Oil tops $77 as equities markets jump

By Brian Ellsworth

NEW YORK (BestGrowthStock) – Oil prices rose nearly 3 percent on Tuesday to a two-week high above $77 per barrel as better-than-expected corporate earnings boosted confidence about the economy and lifted markets.

The principal U.S. stock indexes rose more than 1.5 percent after strong results from aluminum maker Alcoa Inc (AA.N: ) gave a promising start to the earnings season. (.N: )

“There’s no doubt the stock market led the oil market higher,” said Phil Flynn, senior analyst with PFGBest Research.

U.S. crude for August delivery settled up $2.20, or 2.94 percent, at $77.15 per barrel, having earlier fallen to $74.25.

In London, Brent crude oil for August delivery settled up $2.28 at $76.65 a barrel.

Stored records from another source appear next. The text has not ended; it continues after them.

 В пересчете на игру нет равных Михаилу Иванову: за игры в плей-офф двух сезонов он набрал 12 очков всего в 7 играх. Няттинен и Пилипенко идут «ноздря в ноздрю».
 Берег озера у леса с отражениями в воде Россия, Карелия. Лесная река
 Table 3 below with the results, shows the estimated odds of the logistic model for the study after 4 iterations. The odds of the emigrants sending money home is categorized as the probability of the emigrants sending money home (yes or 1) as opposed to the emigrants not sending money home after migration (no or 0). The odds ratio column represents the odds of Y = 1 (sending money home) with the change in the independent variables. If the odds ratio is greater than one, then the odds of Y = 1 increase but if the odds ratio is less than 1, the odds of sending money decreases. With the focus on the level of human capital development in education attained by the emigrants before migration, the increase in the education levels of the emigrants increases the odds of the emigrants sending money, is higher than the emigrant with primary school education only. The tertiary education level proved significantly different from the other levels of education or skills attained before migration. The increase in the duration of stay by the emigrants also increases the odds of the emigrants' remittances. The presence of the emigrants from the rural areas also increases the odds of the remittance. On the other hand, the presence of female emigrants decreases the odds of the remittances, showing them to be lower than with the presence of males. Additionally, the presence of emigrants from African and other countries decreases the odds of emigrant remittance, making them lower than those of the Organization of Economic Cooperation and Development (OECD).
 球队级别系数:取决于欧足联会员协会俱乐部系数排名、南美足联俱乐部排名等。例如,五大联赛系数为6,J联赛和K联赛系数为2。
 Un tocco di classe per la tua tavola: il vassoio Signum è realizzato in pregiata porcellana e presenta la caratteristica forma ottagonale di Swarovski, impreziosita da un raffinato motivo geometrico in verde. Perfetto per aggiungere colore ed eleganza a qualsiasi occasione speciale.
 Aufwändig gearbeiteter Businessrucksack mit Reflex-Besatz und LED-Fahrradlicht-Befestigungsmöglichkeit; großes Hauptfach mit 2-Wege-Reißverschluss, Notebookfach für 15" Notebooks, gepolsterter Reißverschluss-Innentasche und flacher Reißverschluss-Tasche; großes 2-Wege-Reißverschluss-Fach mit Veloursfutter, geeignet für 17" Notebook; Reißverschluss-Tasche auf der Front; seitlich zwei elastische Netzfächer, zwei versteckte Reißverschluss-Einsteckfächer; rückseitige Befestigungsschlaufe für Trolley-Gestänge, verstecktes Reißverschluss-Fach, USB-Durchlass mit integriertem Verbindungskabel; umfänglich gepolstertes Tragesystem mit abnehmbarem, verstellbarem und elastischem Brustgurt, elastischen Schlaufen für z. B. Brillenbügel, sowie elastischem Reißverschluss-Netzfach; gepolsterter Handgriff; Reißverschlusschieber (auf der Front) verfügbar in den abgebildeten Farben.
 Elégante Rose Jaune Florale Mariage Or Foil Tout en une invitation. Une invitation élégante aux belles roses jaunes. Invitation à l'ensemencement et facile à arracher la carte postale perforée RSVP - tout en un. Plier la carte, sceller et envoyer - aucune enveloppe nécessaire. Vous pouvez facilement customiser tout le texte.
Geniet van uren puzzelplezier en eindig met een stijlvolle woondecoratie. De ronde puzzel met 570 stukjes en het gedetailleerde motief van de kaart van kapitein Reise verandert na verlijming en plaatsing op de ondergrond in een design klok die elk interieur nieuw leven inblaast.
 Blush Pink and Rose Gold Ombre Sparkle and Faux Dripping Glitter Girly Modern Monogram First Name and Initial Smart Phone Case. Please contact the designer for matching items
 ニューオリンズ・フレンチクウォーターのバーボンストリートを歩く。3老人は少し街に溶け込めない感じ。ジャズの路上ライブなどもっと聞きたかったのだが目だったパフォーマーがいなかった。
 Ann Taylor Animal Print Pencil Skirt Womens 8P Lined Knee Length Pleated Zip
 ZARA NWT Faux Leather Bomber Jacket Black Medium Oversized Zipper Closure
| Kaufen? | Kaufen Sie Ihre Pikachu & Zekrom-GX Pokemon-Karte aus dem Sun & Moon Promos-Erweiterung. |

The August contract price moved briefly above September as traders bet maintenance in the North Sea would boost Brent in the short term.

Prices were also supported by rising European equity markets (.EU: ) and a decline in the dollar (.DXY: ). A weakening dollar is bullish for oil because it makes crude cheaper for buyers holding other currencies.

Continued strength in U.S. corporate earnings reports would signal overall strength in the U.S. economy, which would imply greater future demand for oil.

Oil markets were also watching the latest monthly report from the International Energy Agency, which revised higher its 2010 oil demand estimate by 80,000 barrels per day, but forecast slower growth in 2011.

Global oil demand will grow by 1.35 million bpd next year to 87.84 million bpd, according to the report by the IEA, which advises 28 industrial countries, compared with demand growth of 1.77 million bpd expected this year.

“The key element is the gradual scaling back of economic stimulus programs, which we are assuming takes place over the next 12 to 15 months,” David Fyfe, head of the IEA’s Oil Industry and Markets Division, told Reuters Insider TV.

“That’s taking a little of the post-recessionary froth out of the market.”

Prices were also supported by signs that bulging inventories in the United States, the world’s largest energy consumer, may have fallen last week.

U.S. crude stockpiles were predicted to have dropped by 1.4 million barrels in the week to July 9, a Reuters survey showed, after tumbling 5 million barrels a week earlier because of disruptions related to Hurricane Alex.

Distillate inventories probably rose by 800,000 barrels, the survey showed, while gasoline stocks were expected to have risen by about 100,000 barrels.

The industry group American Petroleum Institute will release its weekly inventory report on Tuesday at 4:30 p.m. EDT, followed by government statistics from the Energy Information Administration on Wednesday at 10:30 a.m. EDT.